Immunostainig image of Leydig cell tumour.

Six months after the surgery, the follow-up CT-scan found no local recurrence and distant metastases and hormonal investigations remains in the normal ranges.

Discussion

Primary testicular tumors are rare, accounting for 1%–1.5% of all tumors in men. There are 2 members of primary testicular tumors family: germ cell tumors and sex cord/stromal tumors. Among the sex cord/stromal tumors, LCT is the most common histologic type, representing 1%–3% of all testicular tumors in adults and 0.4%–9% in prepubertal children. LCTs are usually unilateral. Origin from testicular Leydig cells is demonstrable in most cases, but rarely they may originate from the epididymis. Although these tumors arise at any age, they affects mostly men between 20 and 60 years old. The etiology of LCT remains unclear and seems to be heterogeneous. The genetic risk factors for LCT in adult and child were different. Activating mutation in the guanine nucleotide binding protein α gene is a cause of adult LCT, by driving tumor development and sometimes causing hyperactivity of the testosterone biosynthetic pathway.

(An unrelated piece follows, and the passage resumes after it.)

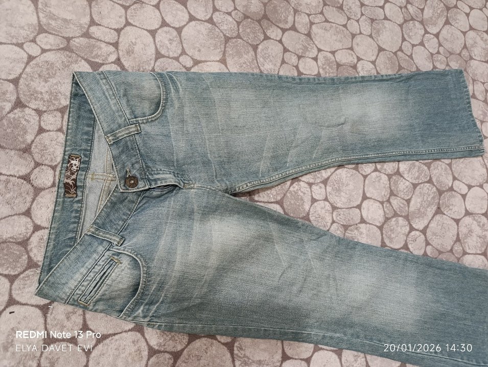 pazarlık olur Gri renkte, düğmeli ve salaş kesim midi boy kot pantolon. Günlük kullanım için rahat ve trend sokak stili sunar.
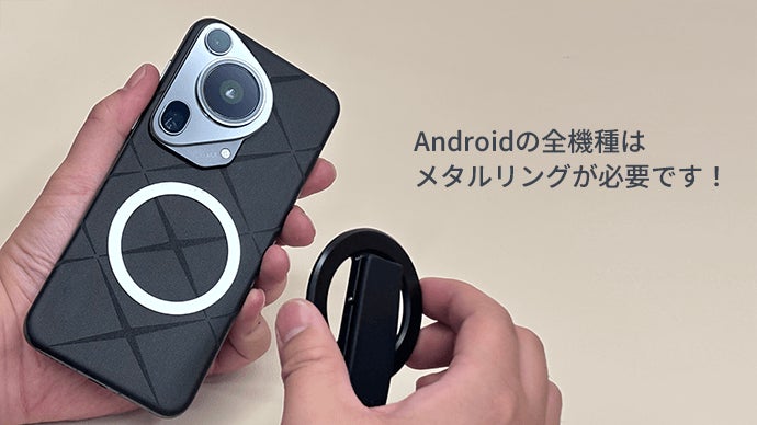iPhone 15/14/13/12シリーズを除いて、他のiPhoneシリーズとAndroidの全機種はメタルリングが必要です。ケースを装着している場合、付属のメタルリングスマホに貼り付けて本製品を使用することができます。

LCT is presenting as a potentially malignant testicular mass with or without endocrine abnormalities such as loss of libido and gynecomastia. According to the review by Efthimiou et al., 480 cases of LCT have been reported in the English literature and 29.2% of them are presented as testicular mass and in 12.5% of the cases the main symptom was gynecomastia. The mechanism of hormonal disorders is probably the high secretion of testosterone and estrogens by the tumor. About 10% cases of LCT are malignancy. Several authors suggested that 5 clinical features allow the identification of malignant LCT, including presence of endocrine changes, older patients (more than 40 years), tumor size greater than 5 cm, infiltrative margins, and areas of hemorrhage and necrosis extending beyond testicular parenchyma. In our current report, the tumor was 2 × 3.5 cm in size involving the half of the right testis, also the patient did not present with any endocrine changes and there are no possitive surgical margins and no area of hemorrhage and necrosis were presented, so only 1 feature (patient's age) was consistent with the above criteria.

LCT arises from the interstitial cells of Leydig adjacent to the seminiferous tubules. Histological and immunohistochemical findings are crucial for the diagnosis of LCT. Histologically, LCT is characterized by the proliferation of large polygonal tumor cells with granular eosinophilic cytoplasms and prominent nucleoli arranged in sheets pattern. Immunologically, LCT is associated with an almost uniformly positive expression for inhibin and Melan-A. The expression of calretinin and vimentin varies. In contrast, LCT is distinguished from germ cell tumors by the negative immunostaining with lactate dehydrogenase (LDH), AFP, and HCG., In the presented case, the tumor cells were positive for inhibin and negative for pan-cytokeratin, calretinin and sinaptophysin.

Surgical orchiectomy the elected treatment decision for both benign and malignant LCT. Metastatic LCT responds poorly to additional systemic chemotherapy or radiation. Regular long-term follow-up with endocrine profile and imaging investigations repeated periodically, are recommended to exclude recurrence or metastasis. In our current case report, the 6-th mounth postoperatively CT scan shows no local reccurence and absence of distant metastases.

Conclusion

Leydig cell tumors are uncommon neoplasms arising from gonadal stroma. In Leydig cell tumors orchiectomy is the golden standart therapeutic decision. In the absence of any sign of malignancy, long-term follow-up is necessary to exclude recurrence or metastasis and also the endocrine profile and imaging investigations need to be repeated periodically. In addition, in our case we described the state-of-art management of this rare tumor.

Declaration of competing interest

The authors declare that they have no competing interests.